== DATA EXCERPT ==

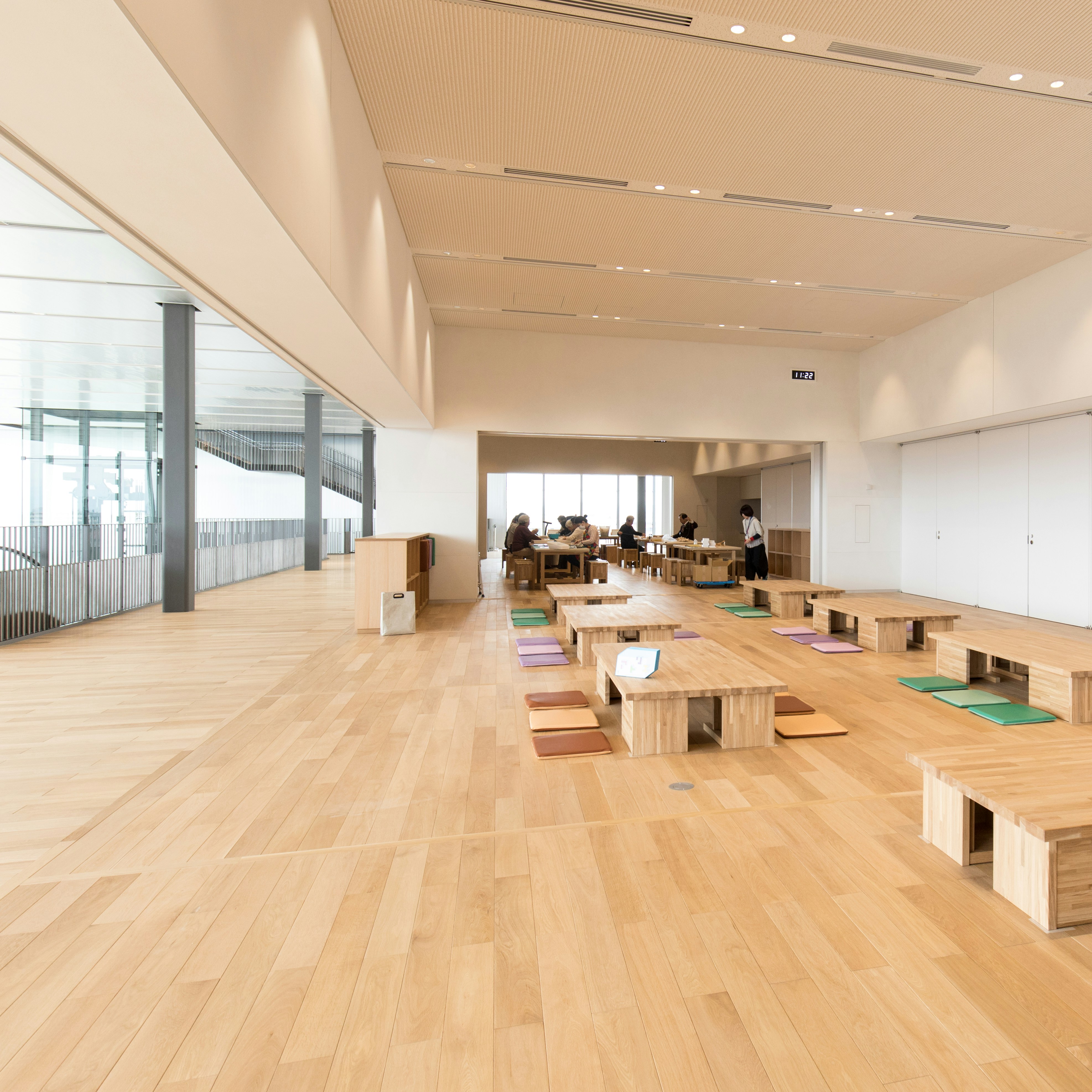 2階に上がると、そこはいよいよ展示室だ。1から4までの展示室は、1と2がコレクション展、3と4が企画展示用になっており、最大で1800平米の空間を展示スペースとして活用することができる。展示室の間にある中央廊下には床から天井まで、富山県産の杉がふんだんに使われ、木の香りとぬくもりを感じられるのが嬉しい。
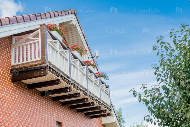Балкон дома украшен красными цветами на чистом голубом небе, демонстрируя архитектурные детали и естественную красоту для концепции жилого дизайна
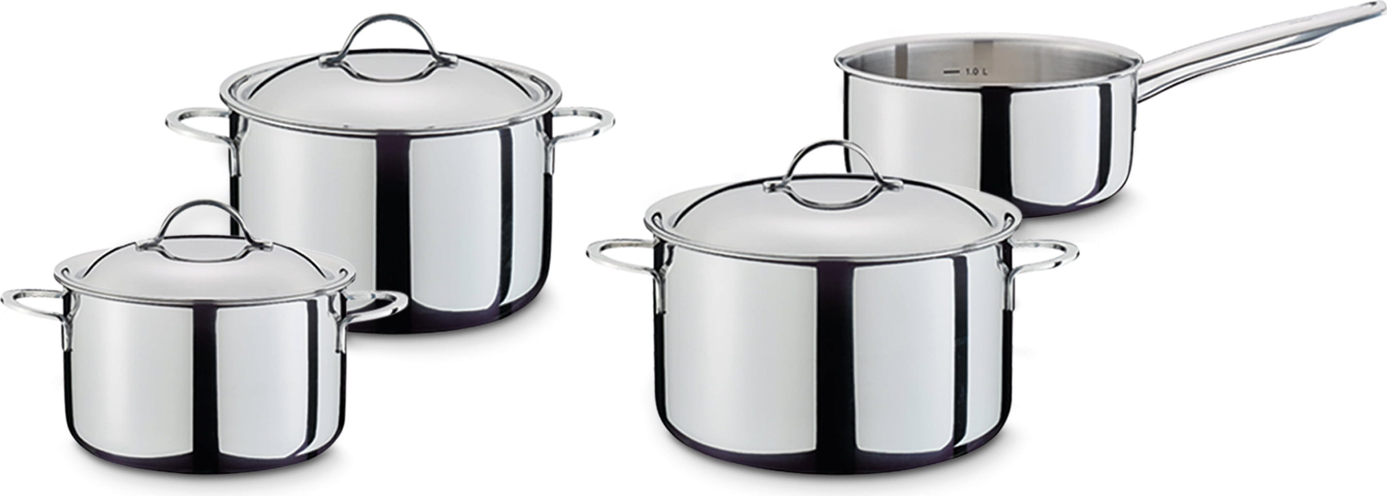 Thanks to the highly polished stainless steel and the low weight, the pots are also ideal as elegant serving dishes directly on the table. The specially sealed rim prevents corrosion and guarantees lifelong durability. Whether pouring with pinpoint accuracy without spilling or cooking with little water thanks to the precisely fitting lids, this set is the perfect combination of tradition and modern functionality.

===

None of the pictures belong in the copy; repeat all other material exactly.

▸ **ANSWER BOX**
 2階に上がると、そこはいよいよ展示室だ。1から4までの展示室は、1と2がコレクション展、3と4が企画展示用になっており、最大で1800平米の空間を展示スペースとして活用することができる。展示室の間にある中央廊下には床から天井まで、富山県産の杉がふんだんに使われ、木の香りとぬくもりを感じられるのが嬉しい。
Балкон дома украшен красными цветами на чистом голубом небе, демонстрируя архитектурные детали и естественную красоту для концепции жилого дизайна
 Thanks to the highly polished stainless steel and the low weight, the pots are also ideal as elegant serving dishes directly on the table. The specially sealed rim prevents corrosion and guarantees lifelong durability. Whether pouring with pinpoint accuracy without spilling or cooking with little water thanks to the precisely fitting lids, this set is the perfect combination of tradition and modern functionality.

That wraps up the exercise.